Please output exactly the lines below, starting at the line that has "Papier peint photo" and ending at the line that has "为进一步提高新葡的京集团35", both included; leave out all pictures and include nothing else.

* _Data records_
---------------
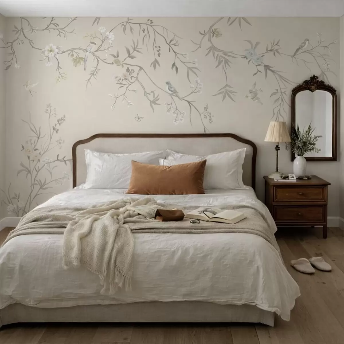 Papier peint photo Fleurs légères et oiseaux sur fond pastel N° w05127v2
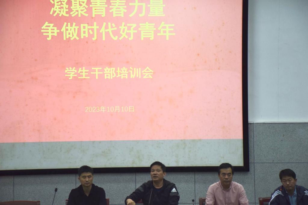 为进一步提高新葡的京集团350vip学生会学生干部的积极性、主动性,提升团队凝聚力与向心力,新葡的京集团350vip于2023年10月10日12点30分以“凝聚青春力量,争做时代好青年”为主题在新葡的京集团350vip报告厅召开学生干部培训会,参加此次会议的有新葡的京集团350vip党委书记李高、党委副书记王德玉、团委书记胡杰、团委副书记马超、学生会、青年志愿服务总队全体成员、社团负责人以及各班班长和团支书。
---------------
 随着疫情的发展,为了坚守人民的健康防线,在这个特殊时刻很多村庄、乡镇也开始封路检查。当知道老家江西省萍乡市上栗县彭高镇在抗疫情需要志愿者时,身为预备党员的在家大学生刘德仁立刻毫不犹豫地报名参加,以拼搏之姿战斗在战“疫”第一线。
---------------
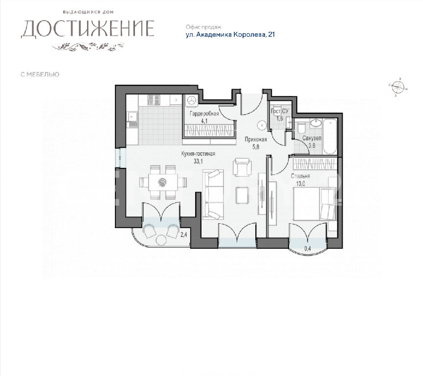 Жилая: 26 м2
---------------
* _Final answer_
 Papier peint photo Fleurs légères et oiseaux sur fond pastel N° w05127v2
 为进一步提高新葡的京集团350vip学生会学生干部的积极性、主动性,提升团队凝聚力与向心力,新葡的京集团350vip于2023年10月10日12点30分以“凝聚青春力量,争做时代好青年”为主题在新葡的京集团350vip报告厅召开学生干部培训会,参加此次会议的有新葡的京集团350vip党委书记李高、党委副书记王德玉、团委书记胡杰、团委副书记马超、学生会、青年志愿服务总队全体成员、社团负责人以及各班班长和团支书。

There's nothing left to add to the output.